| ASSIGNED TASK |
Below are entries. Copy exactly the lines running from the line that holds "Little Mars Poems" to the line that holds "ರಂಗಾರೆಡ್ಡಿ ಜಿಲ್ಲೆಯ ಚೆವೆಲ್ಲಾದ", with both ends included.

| SUPPLIED MATERIAL |
________________________________________
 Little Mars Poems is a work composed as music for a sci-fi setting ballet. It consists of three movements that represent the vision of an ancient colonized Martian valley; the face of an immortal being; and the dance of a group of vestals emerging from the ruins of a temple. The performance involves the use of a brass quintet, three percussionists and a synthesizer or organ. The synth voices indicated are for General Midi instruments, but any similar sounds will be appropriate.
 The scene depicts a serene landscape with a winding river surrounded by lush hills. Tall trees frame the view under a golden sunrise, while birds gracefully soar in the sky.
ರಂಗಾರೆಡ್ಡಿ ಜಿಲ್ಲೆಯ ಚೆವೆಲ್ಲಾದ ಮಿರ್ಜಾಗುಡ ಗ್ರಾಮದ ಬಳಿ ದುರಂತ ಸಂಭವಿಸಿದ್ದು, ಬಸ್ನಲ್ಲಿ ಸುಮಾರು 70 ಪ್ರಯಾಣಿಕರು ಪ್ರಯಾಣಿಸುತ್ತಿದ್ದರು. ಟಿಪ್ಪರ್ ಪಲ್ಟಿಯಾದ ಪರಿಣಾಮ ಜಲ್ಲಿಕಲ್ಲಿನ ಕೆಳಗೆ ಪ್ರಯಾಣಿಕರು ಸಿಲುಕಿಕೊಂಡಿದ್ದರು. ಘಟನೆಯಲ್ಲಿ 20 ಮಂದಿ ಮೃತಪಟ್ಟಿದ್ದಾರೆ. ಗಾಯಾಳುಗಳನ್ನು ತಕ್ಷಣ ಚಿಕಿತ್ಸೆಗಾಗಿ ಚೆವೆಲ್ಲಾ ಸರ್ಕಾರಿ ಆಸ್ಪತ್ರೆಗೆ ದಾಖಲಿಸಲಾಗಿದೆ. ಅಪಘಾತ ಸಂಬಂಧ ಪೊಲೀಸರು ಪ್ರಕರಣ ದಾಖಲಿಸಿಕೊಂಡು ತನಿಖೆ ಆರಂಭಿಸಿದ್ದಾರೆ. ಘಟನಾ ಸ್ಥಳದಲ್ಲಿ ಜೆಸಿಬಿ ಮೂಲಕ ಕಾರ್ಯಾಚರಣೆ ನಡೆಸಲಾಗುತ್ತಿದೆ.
________________________________________
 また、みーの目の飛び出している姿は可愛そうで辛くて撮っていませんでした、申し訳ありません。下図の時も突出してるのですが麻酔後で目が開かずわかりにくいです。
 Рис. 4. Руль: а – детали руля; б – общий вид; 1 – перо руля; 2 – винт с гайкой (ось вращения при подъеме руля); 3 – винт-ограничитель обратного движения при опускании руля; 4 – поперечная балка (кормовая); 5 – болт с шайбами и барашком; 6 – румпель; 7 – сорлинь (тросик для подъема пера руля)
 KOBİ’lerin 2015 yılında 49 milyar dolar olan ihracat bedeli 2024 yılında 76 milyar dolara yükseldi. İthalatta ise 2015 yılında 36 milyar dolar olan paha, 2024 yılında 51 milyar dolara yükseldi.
________________________________________
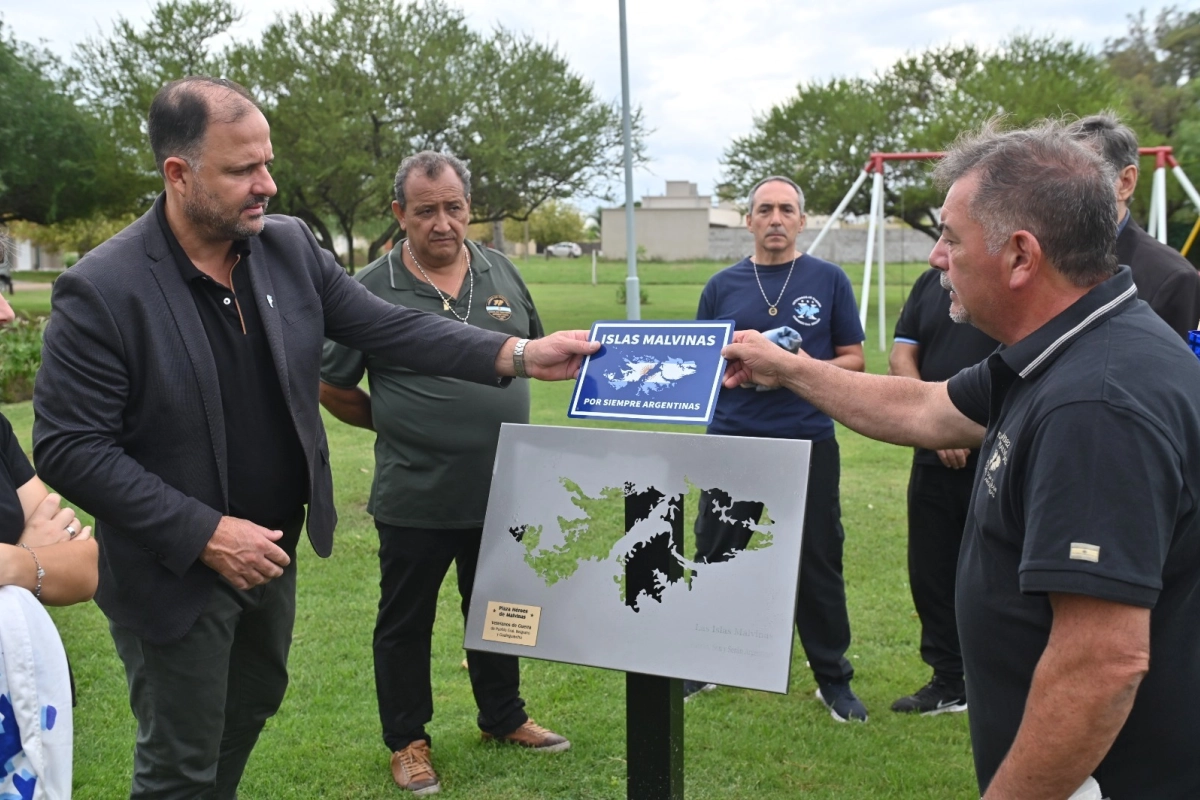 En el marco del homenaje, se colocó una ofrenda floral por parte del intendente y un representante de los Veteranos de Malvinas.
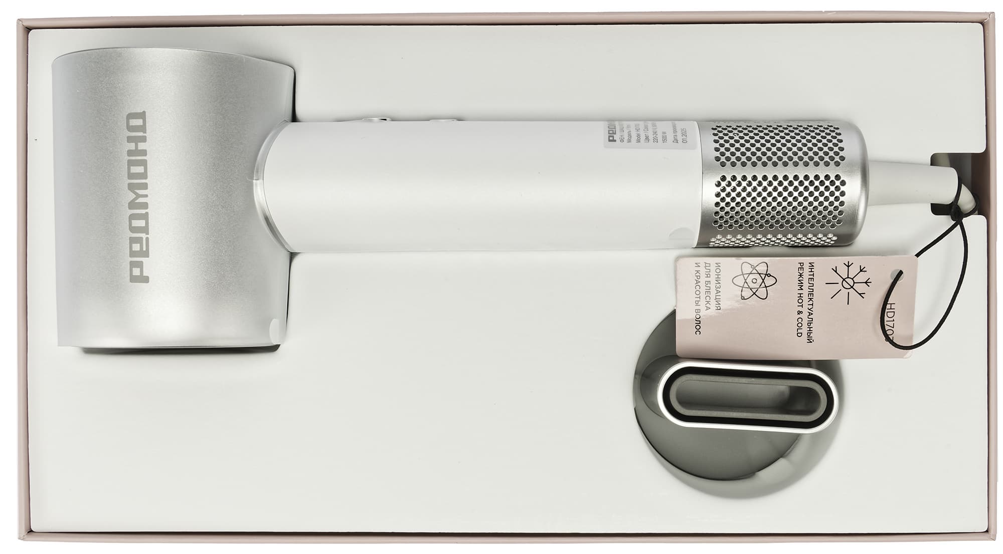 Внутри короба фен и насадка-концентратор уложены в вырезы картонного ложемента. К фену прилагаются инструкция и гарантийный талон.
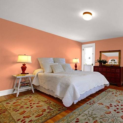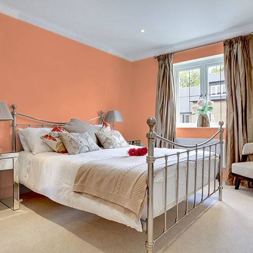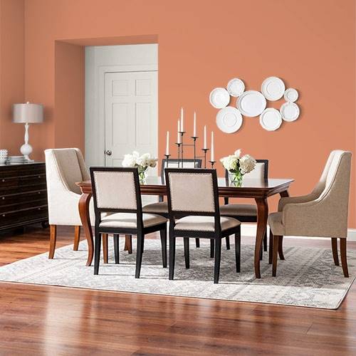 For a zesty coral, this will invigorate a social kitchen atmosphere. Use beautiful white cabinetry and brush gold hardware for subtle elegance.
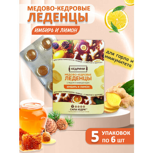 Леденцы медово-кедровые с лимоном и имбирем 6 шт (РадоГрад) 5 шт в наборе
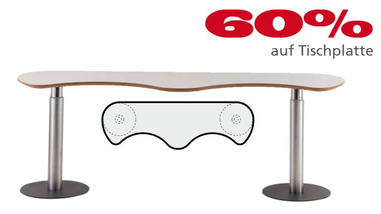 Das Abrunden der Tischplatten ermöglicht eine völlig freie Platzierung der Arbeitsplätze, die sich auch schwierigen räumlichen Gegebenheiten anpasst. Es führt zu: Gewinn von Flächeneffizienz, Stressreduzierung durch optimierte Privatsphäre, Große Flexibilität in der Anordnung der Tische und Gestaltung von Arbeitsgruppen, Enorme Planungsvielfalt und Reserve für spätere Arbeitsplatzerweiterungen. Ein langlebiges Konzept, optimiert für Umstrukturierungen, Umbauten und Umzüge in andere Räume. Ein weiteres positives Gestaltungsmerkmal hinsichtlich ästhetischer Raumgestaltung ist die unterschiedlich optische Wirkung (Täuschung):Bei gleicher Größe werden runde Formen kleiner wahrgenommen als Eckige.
________________________________________
| RESULT OF THIS TASK |
 Little Mars Poems is a work composed as music for a sci-fi setting ballet. It consists of three movements that represent the vision of an ancient colonized Martian valley; the face of an immortal being; and the dance of a group of vestals emerging from the ruins of a temple. The performance involves the use of a brass quintet, three percussionists and a synthesizer or organ. The synth voices indicated are for General Midi instruments, but any similar sounds will be appropriate.
 The scene depicts a serene landscape with a winding river surrounded by lush hills. Tall trees frame the view under a golden sunrise, while birds gracefully soar in the sky.
ರಂಗಾರೆಡ್ಡಿ ಜಿಲ್ಲೆಯ ಚೆವೆಲ್ಲಾದ ಮಿರ್ಜಾಗುಡ ಗ್ರಾಮದ ಬಳಿ ದುರಂತ ಸಂಭವಿಸಿದ್ದು, ಬಸ್ನಲ್ಲಿ ಸುಮಾರು 70 ಪ್ರಯಾಣಿಕರು ಪ್ರಯಾಣಿಸುತ್ತಿದ್ದರು. ಟಿಪ್ಪರ್ ಪಲ್ಟಿಯಾದ ಪರಿಣಾಮ ಜಲ್ಲಿಕಲ್ಲಿನ ಕೆಳಗೆ ಪ್ರಯಾಣಿಕರು ಸಿಲುಕಿಕೊಂಡಿದ್ದರು. ಘಟನೆಯಲ್ಲಿ 20 ಮಂದಿ ಮೃತಪಟ್ಟಿದ್ದಾರೆ. ಗಾಯಾಳುಗಳನ್ನು ತಕ್ಷಣ ಚಿಕಿತ್ಸೆಗಾಗಿ ಚೆವೆಲ್ಲಾ ಸರ್ಕಾರಿ ಆಸ್ಪತ್ರೆಗೆ ದಾಖಲಿಸಲಾಗಿದೆ. ಅಪಘಾತ ಸಂಬಂಧ ಪೊಲೀಸರು ಪ್ರಕರಣ ದಾಖಲಿಸಿಕೊಂಡು ತನಿಖೆ ಆರಂಭಿಸಿದ್ದಾರೆ. ಘಟನಾ ಸ್ಥಳದಲ್ಲಿ ಜೆಸಿಬಿ ಮೂಲಕ ಕಾರ್ಯಾಚರಣೆ ನಡೆಸಲಾಗುತ್ತಿದೆ.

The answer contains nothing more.